Светлый фон

Теория литературного рода предстает ныне областью проблематической. Исток противоречивых формулировок кроется в понимании категории бытия. Пока ей приписывается предикат абсолюта, сознание остается вмятым в наличную плоскость, а «обман призраков погрязший в чувственности разум принимает за истину»[695]. Только с признанием сущего как трансцендентной и высшей ипостаси и после соотнесения с ним непосредственно реального мир обретает должный объем. Бытие нам дано, к сущему мы призваны. Человек стоит на развилке: сверни влево – и жизнь потеряет одно измерение, ты будешь намертво раздавлен стенами материи. А правый путь – труд духовного возрастания, постижения предвечного замысла и приведения бытия в соответствие с ним. Мы созидаем себя, поскольку наделены «творческой способностью осуществлять надлежащее» (преп. Максим Исповедник) – не механическим мастерством «отражения» или обезьяньим артистизмом «подражания», но талантом преображения, лишившись которого, стали бы безвольными, как зеркала.

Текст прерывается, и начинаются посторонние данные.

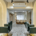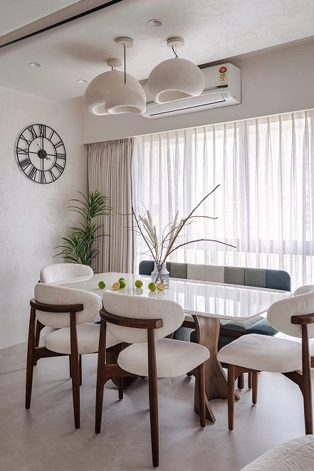 The heart of The Kanso House reflects warmth, balance, and calm minimalism. The living area opens into a 6-seater dining space, designed for togetherness. Custom-made wooden white dining chairs beautifully paired with a green ombré tones bench with green ottoman below, creating a blend of elegance and comfort with onyx dining top.
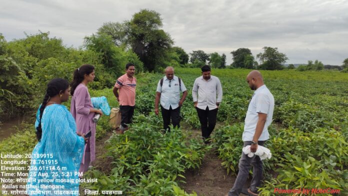तालुका कृषी अधिकारी कु. दिपाली खवले यांनी शेतकऱ्यांना आवाहन केले की, “सोयाबीन पिकात पिवळ्या मोझक रोगाचा प्रसार रोखण्यासाठी वेळेवर प्रतिबंधात्मक उपाययोजना करणे अत्यंत गरजेचे आहे, अन्यथा उत्पादनात मोठी घट होण्याची शक्यता आहे.”

Таковы предпосылки возникновения деоники как представления идеальной реальности в искусстве и выражения авторской веры – «уповаемых извещение, вещей обличение невидимых» (Евр. 11, 1).

Литературе тесно в рамках установившегося деления по родам. Простейший пример – популярные песни «Интернационал» и «Священная война». Попробуйте соотнести их с членами «универсальной» триады – кроме комичных натяжек, вряд ли что-то получится. Художественное творчество не может быть с достаточной точностью описано в системе трех координат. Необходимо еще одно измерение. И оно существует.

Деоника (греч. δέον – должное, необходимое, надлежащее[696]) – наряду с лирикой, эпосом и драмой, четвертый основной род художественной литературы, высшая умопостигаемая реальность, норма, к которой необходимо стремиться, идеальный образ, преображенное естество.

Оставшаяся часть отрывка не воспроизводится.